** Extracted entries follows **
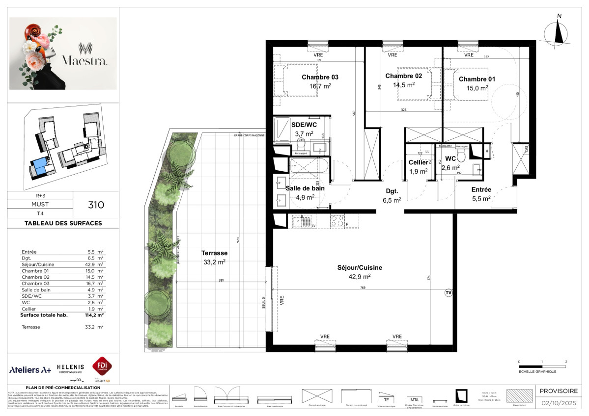 | A310 | 3 | Appartement + Parking sous-sol + Parking sous-sol Terrasse de 33,20 m² | 4p | 114,20 | 20 % | Plan | 561 000 € | |
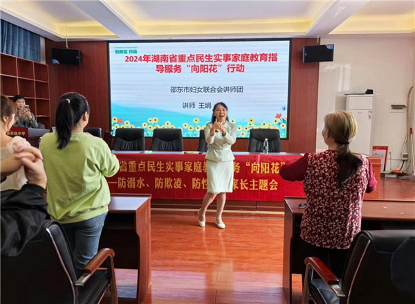 緊接著,邵東市婦女聯(lián)合會講師團講師王娟為大家詳細解讀了2024年湖南省重點民生實事家庭教育指導服務“向陽花”行動。她表示,“向陽花”行動旨在提高家長的家庭教育水平,預防青少年溺水、欺凌和性侵等事件的發(fā)生。王娟講師從防溺水、防欺凌、防性侵三個方面,為家長們提供了實用的教育方法和技巧。她呼吁家長們要時刻關注孩子的身心健康,加強與孩子的溝通,幫助他們建立正確的人生觀、價值觀。
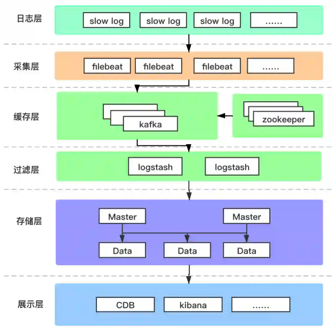 早期业内大家做MySQL的慢日志系统大都是获取上一整天的慢日志,进行统一分析,然后生成上一天的慢日志报表。这种方式有一定的滞后性,如果业务调整SQL或者新发布了一个功能想看实时的性能状况,这种需求是满足不了的。开发人员需要看到数据库实时的慢日志,以方便更快的进行性能诊断。我们使用ELKB技术栈来实现:
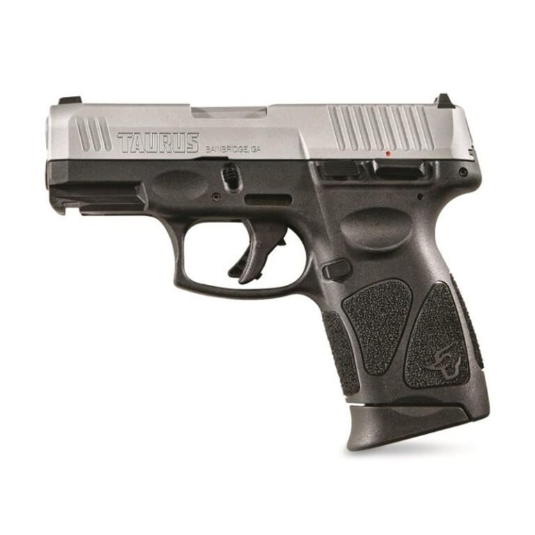 The Taurus G3c Stainless is a compact, polymer-frame, striker-fired 9mm engineered for everyday carry and dependable range performance. Featuring a 3.2″ barrel, corrosion-resistant Tenifer-treated slide, and frame-mounted manual safety, the G3c blends practical duty features with ergonomic design—stippling and “memory pads” provide a secure, repeatable grip while a crisp, short-reset trigger promotes fast, accurate follow-ups. Practical details like a Picatinny rail for lights/lasers, fixed front white-dot and drift-adjustable rear sights, a loaded-chamber peep, and unique second-strike single-action capability make it user-friendly and resilient in the field. Delivered with three 12-round magazines, the G3c Stainless offers real value for shooters seeking performance, features, and reliability in a compact package.
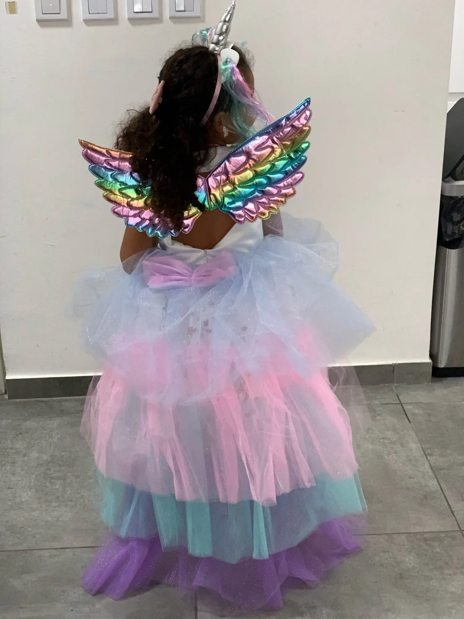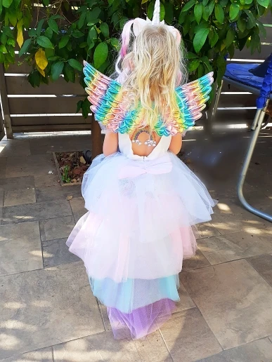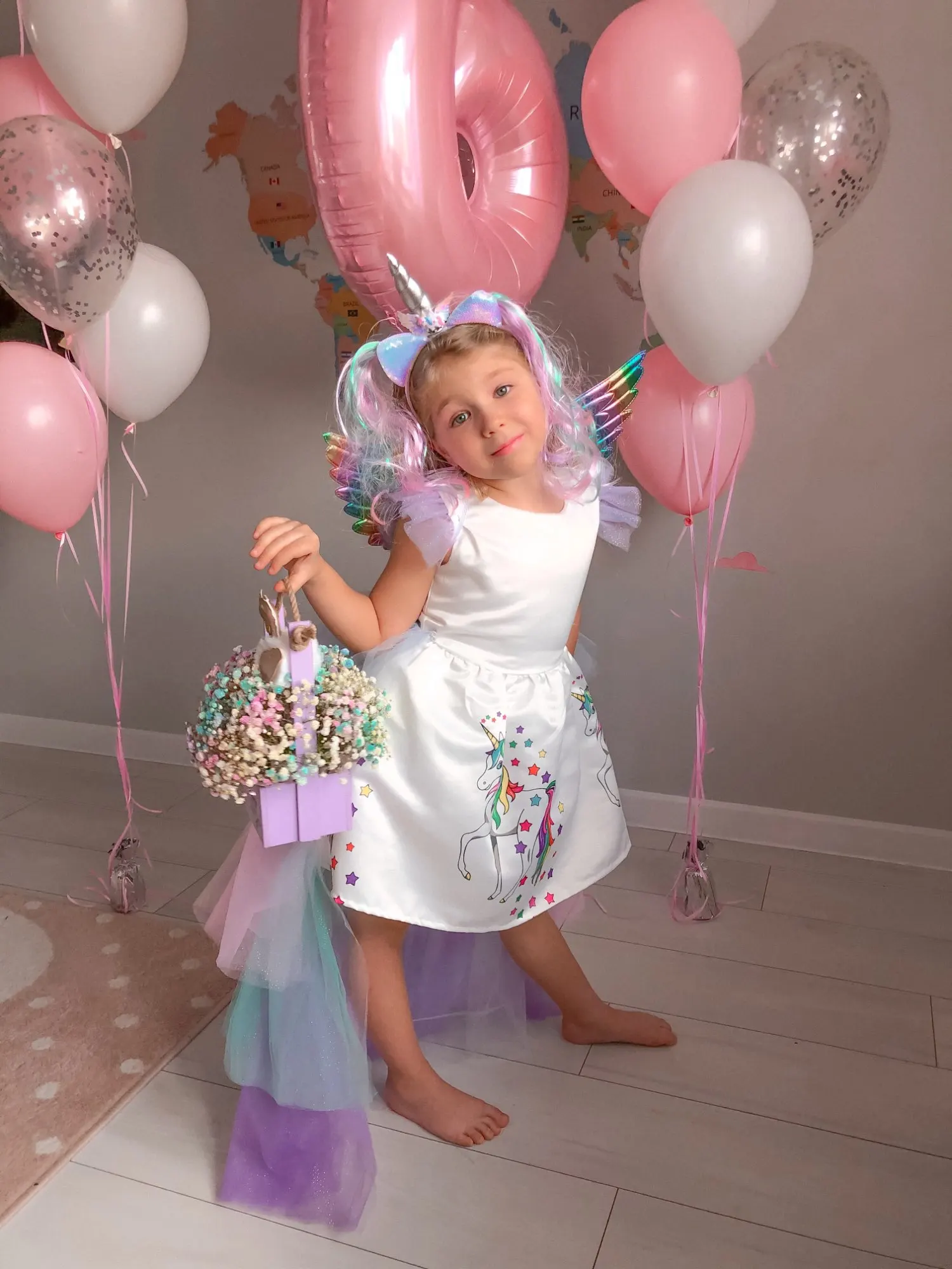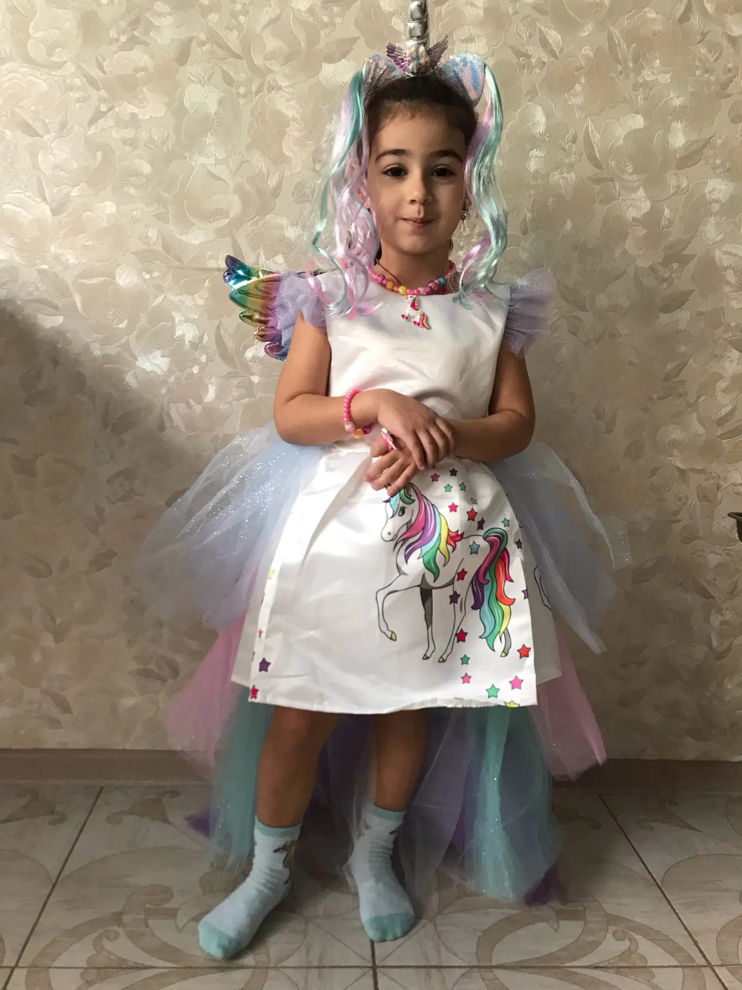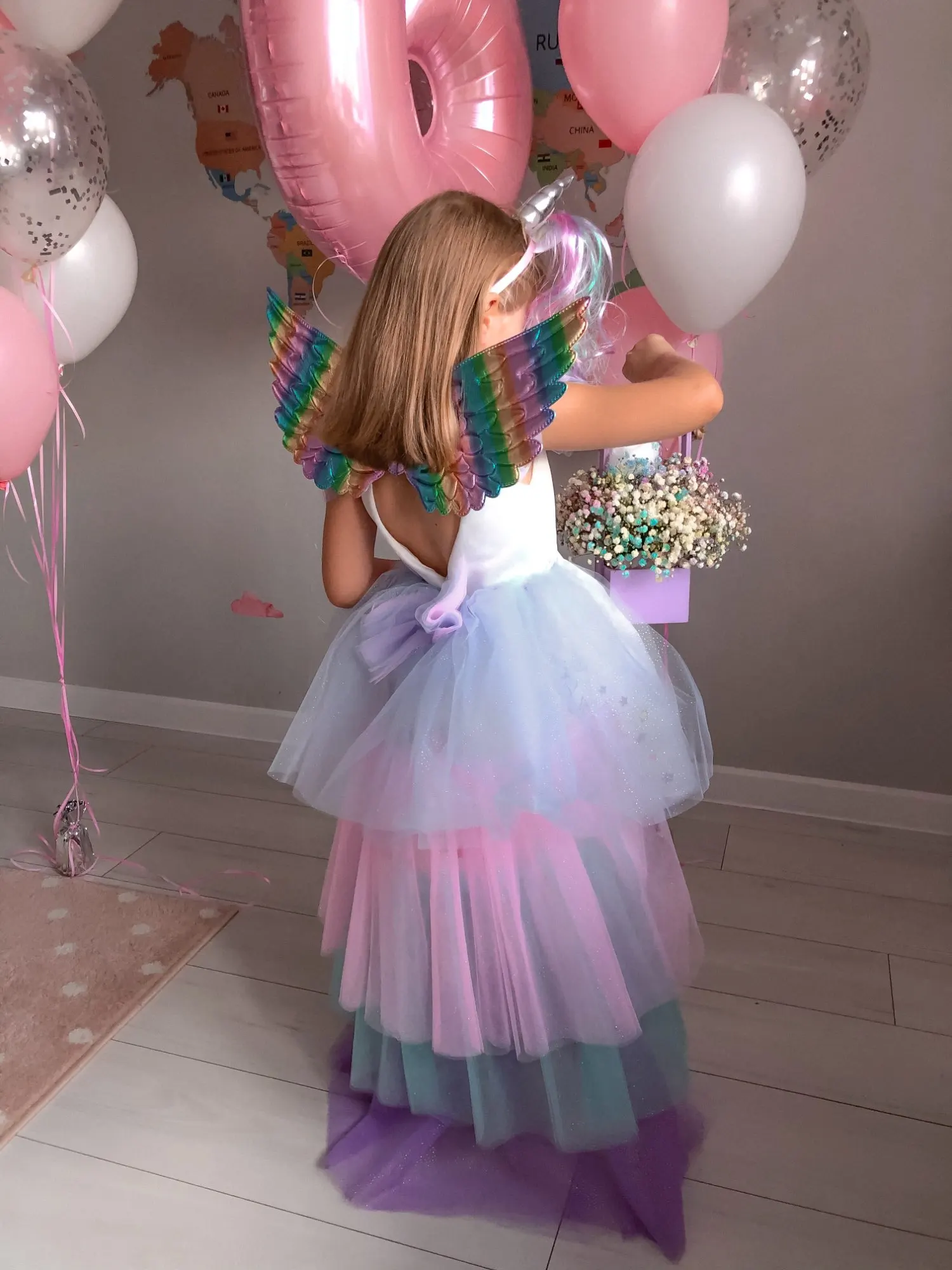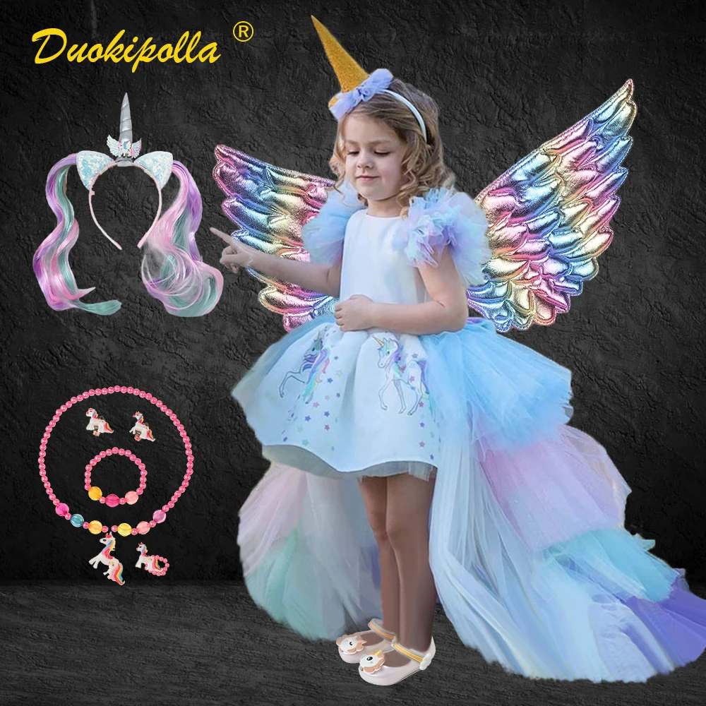 Детское Радужное платье-единорог с длинными хвостами, крыльями ангела, праздничное платье для девочки, костюм принцессы, мяч, платье для девочки с пони
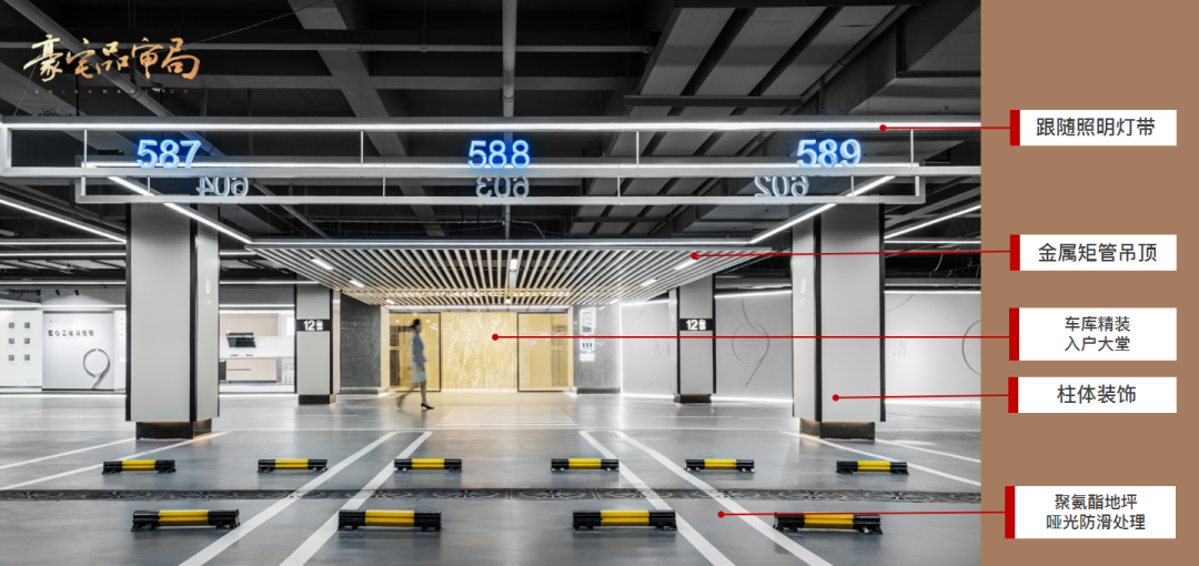 绿城的项目地下车库层高为3600mm时,主要车行道与地下门厅前采用栅吊顶装饰。绿城项目的吊顶材料为深咖色金属横条格栅,灯具隐藏安装格栅间,以暖黄色的筒灯与日光灯结合照明。
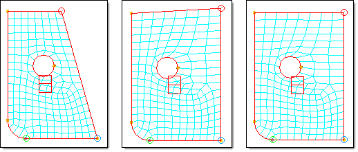 Figure 1. Control Handle Positions with Morph Constraints. The angle of the lower right corner is changed from 74 to 90 degrees using the alter dimensions (angle) operation. The middle frame shows the result with no constraints. The frame on the right shows the result with the node in the upper right corner constrained to move along a vector that lies along the top edge.
** End of Extracted entries **
◆ **Exercise instructions**:
Every line above between the one containing "緊接著,邵東市婦女聯(liá" and the one containing "早期业内大家做MySQL的慢", those two included, is to be printed exactly. No pictures go into the copy.

◆ **Answer to the exercise**:
 緊接著,邵東市婦女聯(lián)合會講師團講師王娟為大家詳細解讀了2024年湖南省重點民生實事家庭教育指導服務“向陽花”行動。她表示,“向陽花”行動旨在提高家長的家庭教育水平,預防青少年溺水、欺凌和性侵等事件的發(fā)生。王娟講師從防溺水、防欺凌、防性侵三個方面,為家長們提供了實用的教育方法和技巧。她呼吁家長們要時刻關注孩子的身心健康,加強與孩子的溝通,幫助他們建立正確的人生觀、價值觀。
 早期业内大家做MySQL的慢日志系统大都是获取上一整天的慢日志,进行统一分析,然后生成上一天的慢日志报表。这种方式有一定的滞后性,如果业务调整SQL或者新发布了一个功能想看实时的性能状况,这种需求是满足不了的。开发人员需要看到数据库实时的慢日志,以方便更快的进行性能诊断。我们使用ELKB技术栈来实现:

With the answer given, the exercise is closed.